Updated on September 21, 2017

If only!


TODAY is the TOMORROW that you were afraid of YESTERDAY!

And YOU HAVE SURVIVED! You are still here.

When I was a boy.....

Anyone more than one year older than me was awesome. Boys who were taller; boys who wore long trousers; boys who walked with an air of authority - they were someone to look up to.


What was I aiming for?

There was never any question for me as to why I had to learn any particular subject at school. We just did it, without question. On looking back now, it's easy to see the objects of the teachers and parents. It was trying to prepare us for adulthood. At least that was the intention, although in retrospect some things did not serve all of us so well.

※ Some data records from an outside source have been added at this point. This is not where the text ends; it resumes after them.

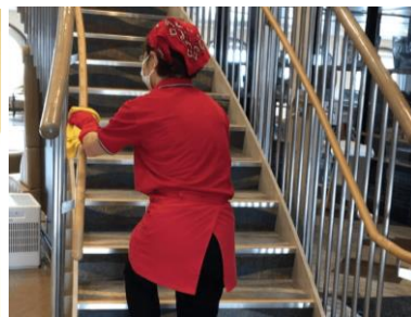
▲研修終了後の清掃・消毒風景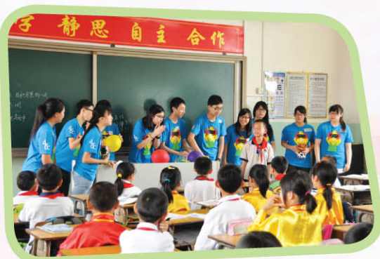
▲ 本校同學於棠下沙富小學義教英文，「師生」樂也融融。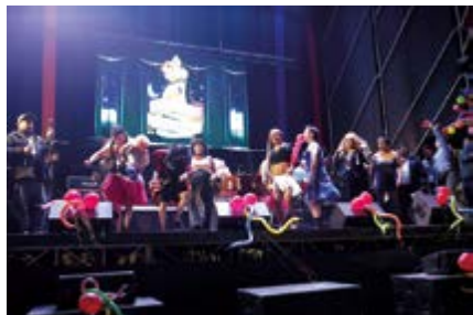
Concurso de las plañideras, que lloran por el Rey Momo.

E l escenario de esta celebración se realizó en la plazuela Bolognesi; luego, el festival musical con grupos locales y nacionales. El deceso del Rey Momo se produce después de tres días de jolgorio: comer, beber y estar con varias mujeres. En el velorio se presentarán las viudas del mítico personaje, que da vida a la fiesta, y protagonizarán escenas de dolor y llanto junto al ataúd.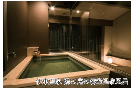
伊東温泉 湯の庭の客室温泉風呂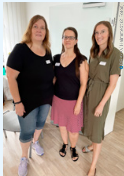
DRK-KV Helmstedt (2 Fotos)

Vater-Kind-Tag: Boote aus Verpackungsmaterial werden zu Wasser gelassen.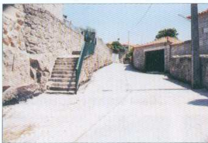
Alargamento da Rua do Soutinho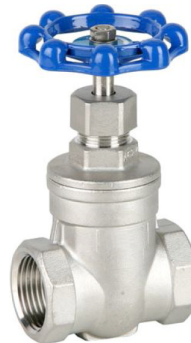
fig 304 schuifafsluiter inox max. druk 16 bar bij 120°C max. druk 10 bar bij 180°C

temp. : -10°C/+110°C 1/4"- 4" bsp niet-stijgende spindel en handwiel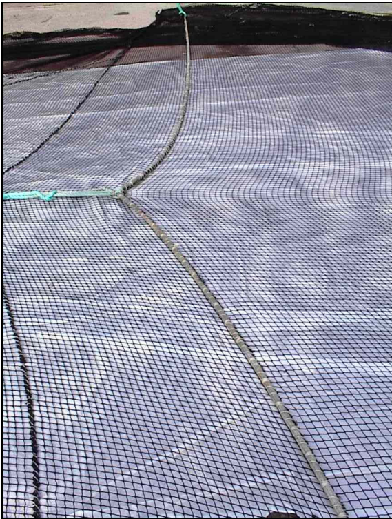
Bilde 1 Sidetau (lysegrønt) som trekkes oppover mot hovedtau.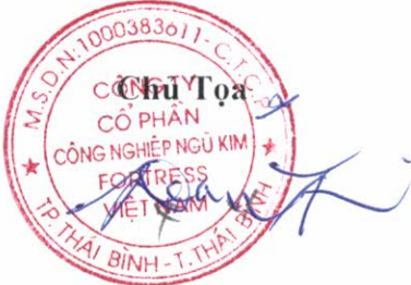
TSAI CHUI TIEN

Nghị quyết của Đại hội đồng cổ đông bất thường lần 2 năm 2021 sẽ được lập thành văn bản để thông báo đến toàn thể Cổ đông theo đúng qui định của Pháp luật.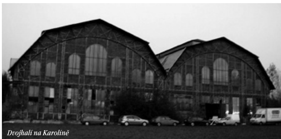
Dvojhalí na Karolině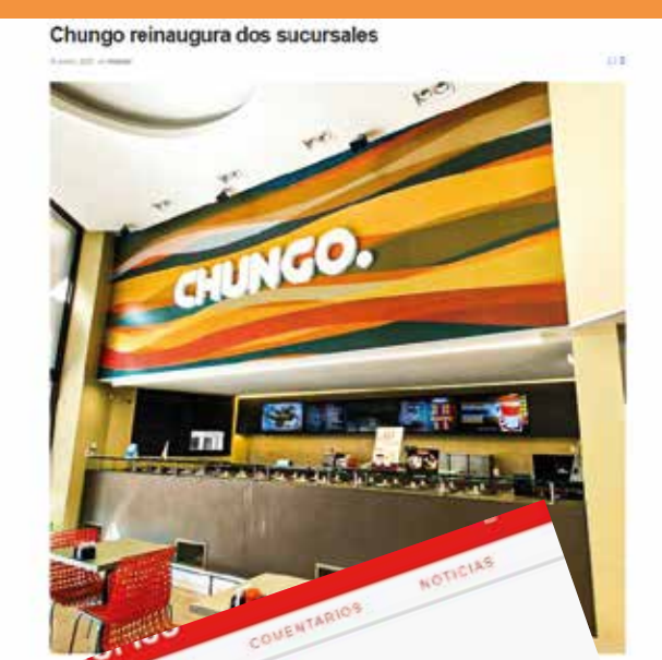
Chungo reinaugura dos sucursales

Se asoció con Amoedo, para armar un menú completo. Otros dos casos de asociatividad impulsados por la ONG Inicia.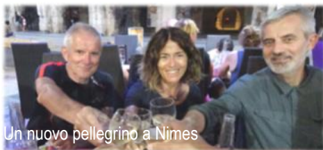
Un nuovo pellegrino a Nimes

Rimangono soprattutto i dialoghi e l'empatia con gli altri pellegrini e l'in-

There were no older teenagers that I knew of. There were none to mix with either within or outside of my family, because in those years there was National Service. Those "old boys" had to go away and become "young men." The only "men" in my life were my Dad, my Uncles, my Teachers and the various shopkeepers where I bought my penny-worth of sweets.



The Goal Ahead

So the only role model of a Man for me, really, was my Dad - working hard, mostly 7 days a week in the market garden; getting his hands dirty; harvesting cabbages and lettuce in the early hours of the morning, for market that day. Weeks before the harvest time, he was out in the same field, bent over double, pulling stinging nettles out from around the cabbages, with bare hands.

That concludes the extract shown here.